In one of the best music schools in the nation, it is not easy to stand out among hundreds of talented musicians. But with her expertise in both education and performing, senior soprano vocalist Elena Galvan has done just that.
A trumpet correctly scales Wynton Marsalis’ never-ending “Flight of the Bumblebee.” A cellist perfects a wiry vibrato for a quartet performance. A woman’s voice rises above the cluster of instruments, escalating to a heavenly falsetto.
“She just has immense talent,” School of Music Dean Gregory Woodward said. “It’s really unusually advanced and mature for an undergraduate. She is just a little ahead of the curve — exquisitely trained in voice production.”
But along with any kind of talent, an individual must work hard to get the most out of it. It is something Galvan’s father, Michael Galvan, professor of music performance at the college, said has made an impact.
“She works incredibly hard,” he said. “We are lucky as musicians that we get to have as our profession something as inherently enjoyable as music that makes us want to work hard.”

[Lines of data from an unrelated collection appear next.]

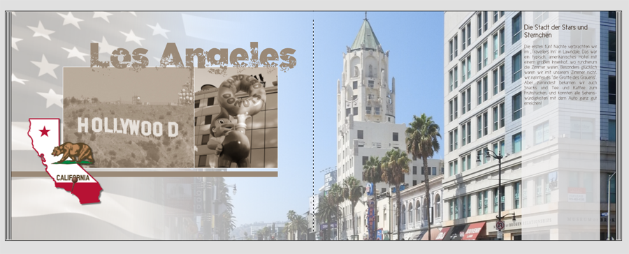 Besser? Den Fehler mit dem breiten Textfeld mache ich immer wieder. Wurde auch (zu Recht) bei meinem Bali FB schon bemängelt, aber irgendwie merke ich das selber nie Die Einleitungsseite finde ich toll. Allerdings würde ich das graue Clipart etwas breiter ziehen, oder das Textfeld etwas schmäler, so dass der Text nicht so nah an der Kante hängt. Probiere mal aus, wie es aussieht, wenn Du die Fotos und die Karte unterhalb von Los Angeles eine Idee tiefer setzt! Die Berliner Mauer hab ich mal kleiner gemacht, aber in der Mitte finde ich sie irgendwie komisch? Vielleicht doch wieder ein Stück weiter nach rechts? hat geschrieben: Bei Bild 5 würde ich das bunte Foto links innerhalb der beiden Linien anordnen. evtl. auch mittiger.
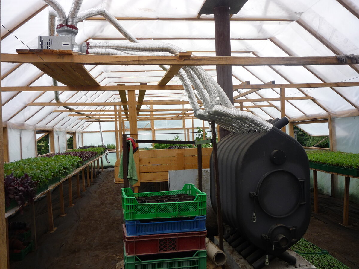 Dans les régions au climat tempéré, l'énergie solaire en hiver ne suffit pas pour réchauffer la serre, vous devez donc recourir au réchauffement de la zone aveugle et à l'installation de radiateurs. Une option économique est un poêle à bois ou un autre combustible. Il est installé sur le côté nord de la serre ou dans le vestibule, toute la zone est chauffée par convection naturelle ou par des conduits d'air posés le long des faîtages. Ils chauffent le poêle le soir et quand la température extérieure baisse.
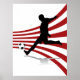 Modern fotbollsdesign med en silhuett av en fotbollsspelare som sparkar en fotboll mot bakgrund av rött och vitt linjer. sgb01
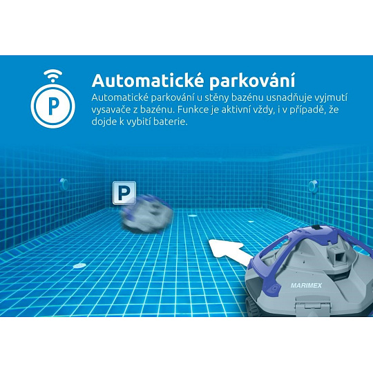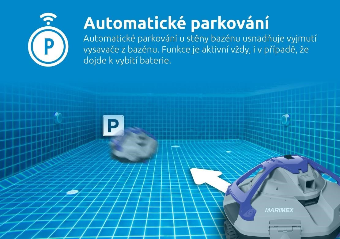 - automatické parkovanie - pri stene pre jednoduché vybratie z bazéna aj v prípade vybitia batérie
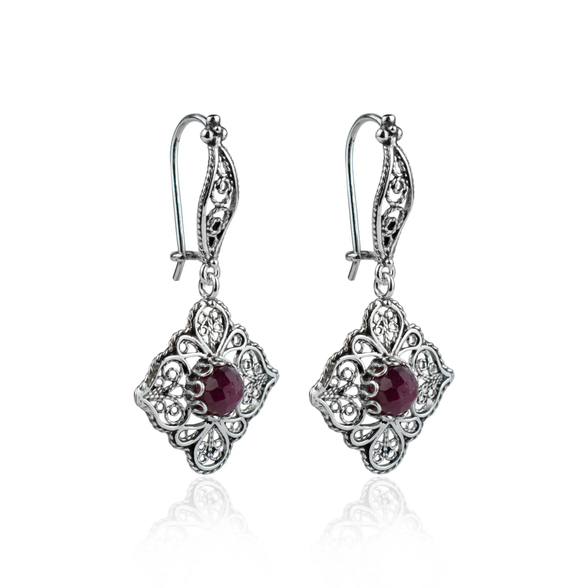 Sterling Silver Filigree Art Ruby Corundum Gemstone Women Dangle Drop Earrings

By scheduling extra practice time as if it was a class in her daily schedule, Galvan, a music education and performance double major, brings dedication to a whole new level. But she said she also credits her talent and drive to strong genes, as both her mother and father are musicians and instructors at Ithaca College. Her mother, Janet Galvan, is a choral director, while her father is a clarinet professor. With that kind of background, it is hard to imagine Galvan growing up with another love.
And that passion has paid off, as her list of accolades is voluminous and extends from winning vocal competitions to performing in the Ithaca College Opera Monteverdi’s “Orfeo,” all of which are helping Galvan build her ever-growing résumé.
“A lot of stuff has been happening in the past year that’s getting recognized by the music school,” she said.
Galvan has stood out from others since her early days of performing. She started singing in choirs at the age of 5 and participated in Ithaca Children’s Choir for much of her childhood. Her interest in music education and performance grew from that experience, as she realized that she needed to know how to perform well in order to teach effectively.
“My big theory about vocal music and music education is that if you’re not a good musician or a good performer, how can you teach others to be?” Galvan said.
Galvan’s focus on performance reflects that philosophy, and her vocal gift does not hurt either. Her thirst to be an educator is derived from a drive to put education back where she believes it belongs.
“Education is really interesting,” she said. “It’s something that’s not hugely respected all the time — that’s where the world should be focusing.”
Besides music, Galvan has another passion: traveling. She said through traveling, she is able to extend her knowledge of music.
“I love going to other countries,” she said. “The thing about music that I love so much is that it’s so intertwined. It’s a universal language, and that’s why I love traveling.”
Galvan received exposure to music at a young age when she started traveling to countries including Greece, Germany and Italy. During summers, Galvan was able to sit in on workshops and meet musicians of European conservatories.
Galvan has traveled to and lived in different places all over the world. Last summer, she stayed in a tiny town in Italy, where the only language spoken was Italian. By living in places like that instead of commercialized and tourist-laden, big European cities, Galvan has grown an appreciation for cultures far beyond the borders of Ithaca. It is something her mother appreciates too.
“All of these experiences help prepare her for new and different situations in life,” her mother said.
It is just another part of Galvan who hopes to bring all of those musical aspects of her life to graduate school after graduation.
“I’m going to work somewhere hopefully music-related or a vocal studio while I’m applying to grad school for opera performance,” she said. “That’s as far as I’m looking right now.”